Columbus Mayor Andrew J. Ginther says his 2017 Comprehensive Neighborhood Safety Strategy, with new tactics including increased police bicycle and foot patrols, is starting to pay off.
At a news conference Nov. 26 at the Barack Community Center in south Columbus, Ginther touted how the city’s police recruit class for 2019 would be increased by 10 officers to a total 90, and the city would add another 90 next year.
He didn’t say how that would affect total staffing, taking into account retirements and officers leaving for other jobs.
Columbus police began a “Safe Streets” program in Linden in 2017 to “reengage” the community and reduce violent crimes, attempting to put officers on the front line of identifying needs and solving problems, said Lt. Marc Helder, the program’s coordinator.
In 2018 and 2019, the program expanded to the Hilltop and Southeast neighborhoods, respectively, with each of the three teams consisting of 10 officers and two sergeants.
The program in 2019 has seized 157 illegal firearms (up 44% over 2018), made more than 300 felony arrests (279 in 2018), seized 953 grams of heroin (215 in 2018) and placed placards shuttering 93 structures, such as suspected drug houses (48 in 2018).
Helder said when he was asked to lead the effort, he initially was reluctant to take the “Safe Streets” assignment because he didn’t know what to expect.
Now, he said, “I can tell you, I’m sold.”
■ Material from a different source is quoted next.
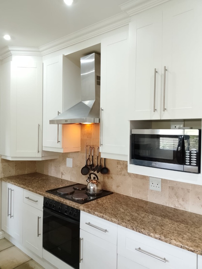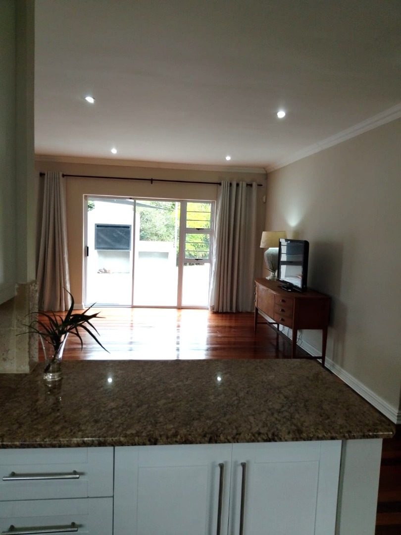 This home has a open plan kitchen and living area with a sliding door leading to the braai and pool.

Ginther had nothing to say specific to a stretch of the Sullivant Avenue corridor The Columbus Dispatch researched for the recent “Suffering on Sullivant” series identified as failing in almost every metric used to measure the health of neighborhoods.
Between 2017 and last summer, the 3-mile stretch of Sullivant Avenue from Dodge Park west through Franklinton and the Hilltop was the site of 1,880 prostitution arrests, 150 reports of indecent exposure (the most in the city), more than 1,100 narcotics complaints and 1,374 reports of shots fired last year, the Dispatch reported in the series.
When asked by the Dispatch after the press briefing if the city had or was developing any plans to address that area’s issues in particular, Ginther, who had told the newspaper after the series that the Sullivant Avenue corridor was “a top priority,” turned and walked away without speaking.
In an email after the event, Ginther spokeswoman Robin Davis said “Safe Streets” and a new ShotSpotter technology designed to detect gunshots and other crime and social programs all are working together to help Sullivant Avenue.
“We are also working with partners on the opiate action plan and illegal dumping,” Davis wrote. “All of these commitments will help improve the lives of people along Sullivant (Avenue).”